Even now, as Washington debates how to reduce the federal budget, and how deep the wounds to our society must be, millions are out of work. Millions more are working part-time, or have multiple jobs, or are barely scraping by. Meanwhile, the "economic royalists" FDR spoke of in 1936 have returned, all too publicly, with a vengeance. Yet rather than confront the crisis with tried-and-tried fiscal policies - investing in our people for an economic recovery - government has gone in the opposite direction. In 2011, our leaders are acting like "bottom line" corporate CEOs, not representatives of a democratic society where We The People matter most.
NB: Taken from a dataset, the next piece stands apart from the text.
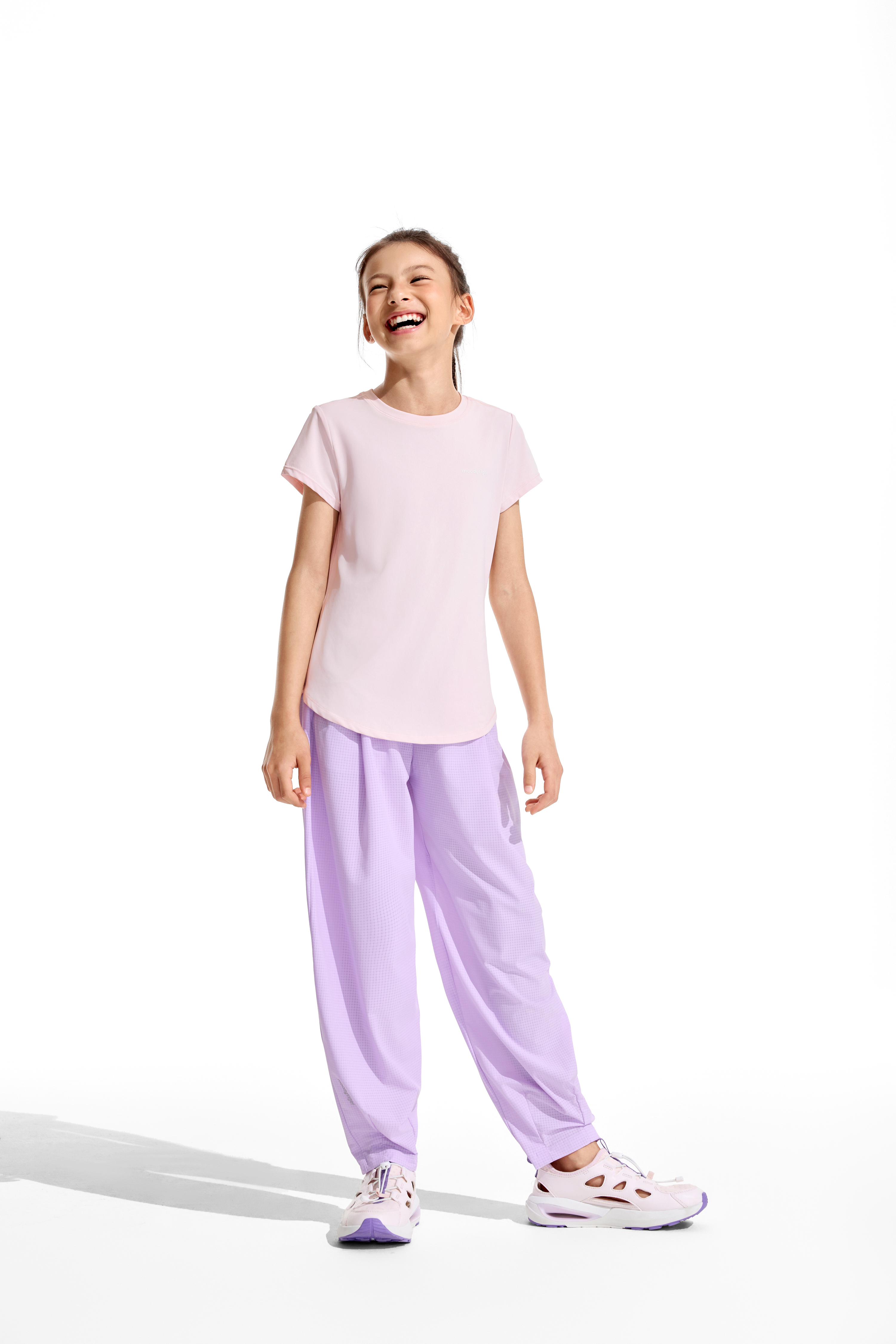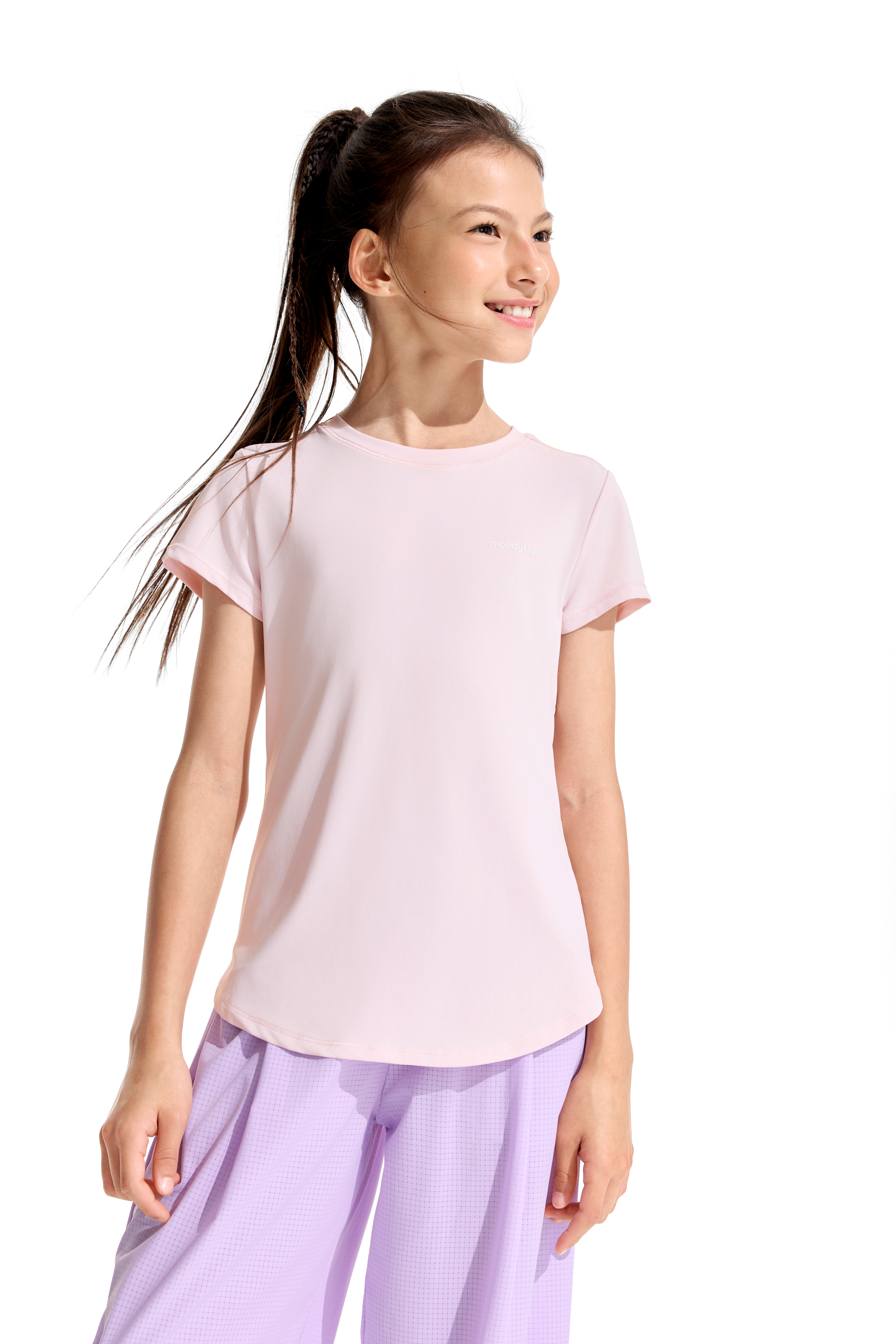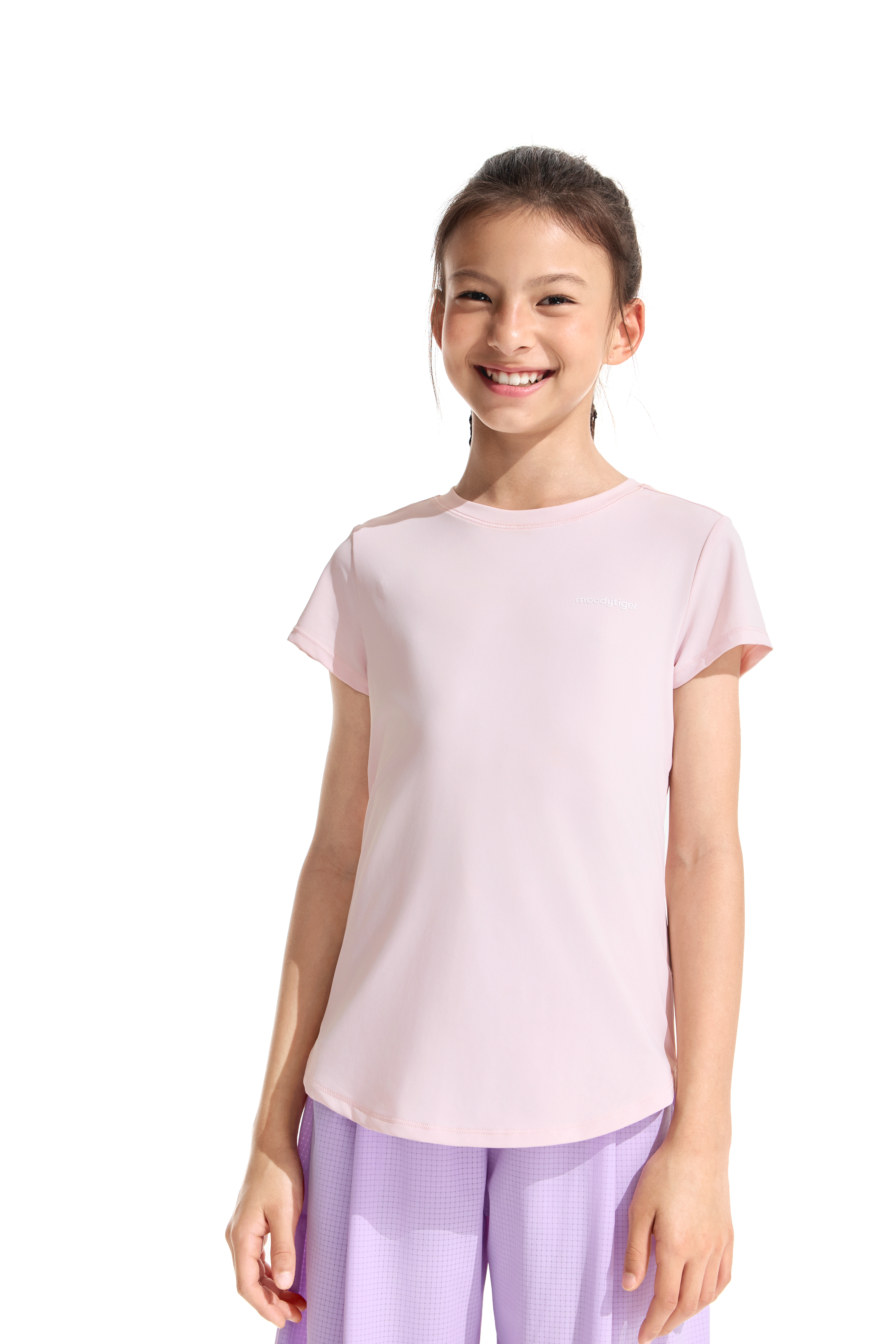 moodytiger女童圆领短袖T恤轻薄经典百搭纯色速干亲子22210101

Franklin Roosevelt warned us in 1936: "We cannot afford to accumulate a deficit in the books of human fortitude." State by state, as well as in Washington, our leaders would do well to remember those words. They are, in far too many cases, failing the "moral test of government" (in Hubert Humphrey's words). They are tearing down the temple of faith, hope and charity our 32nd President helped to build.
When Scott Walker and John Kasich seek to annihilate the rights of workers to organize, and find a better life for themselves and their families, they violate the temple of faith, hope and charity .
When Chris Christie slashes aid for our poor and elderly, and spits on the work of teachers, he violates the temple of faith, hope and charity.
When Sam Brownback of Kansas, Bobby Jindal and - my God, far too many other states! - make it impossible for reproductive health care to exist for women in a dire hour of need, they violate the temple of faith, hope and charity.
When Eric Cantor refuses to send emergency aid to tornado victims in Missouri because it will cost money, he violates the temple of faith, hope and charity.
When Paul Ryan proposes to end Medicare rather than tax millionaires, he violates the temple of faith, hope and charity.
All this, sadly, is not limited to Republicans. President Obama has placed major changes to Social Security and Medicare "on the table" as he seeks to reach a consensus with Congressional Republicans on reducing the National Debt. That debt, of course is a problem, and it should be reduced.
Yet surely we have better ways of wiping out our monetary obligations without wiping out our moral obligations to our people. Of course, we liberals and progressives do have better ways to do this. We wove them into the fabric that became our nation's "safety net": expanding the Middle Class, reducing poverty, rebuilding our infrastructure, encouraging innovation and creativity in education, and much more. We built the temple of "faith, hope and charity" that FDR lay the cornerstone for in the darkest days of our nation. We can - and must - do it again.
Before ending with the immortal rallying cry of America's "rendezvous with destiny", President Roosevelt had this to say about government:
Better the occasional faults of a Government that lives in a spirit of charity than the consistent omissions of a Government frozen in the ice of its own indifference.
I pray fervently that our leaders in Washington and statehouses across America will heed those words. Yet I fear a new "Ice Age" is upon us (tragically ironic in an age of rampant global warming). It can only be averted if the liberals and progressives of America rise up, organize their forces, and "enlist for the duration of the war" (as FDR pledged to do).
I know what side of the war I must be on. So do you, dear reader.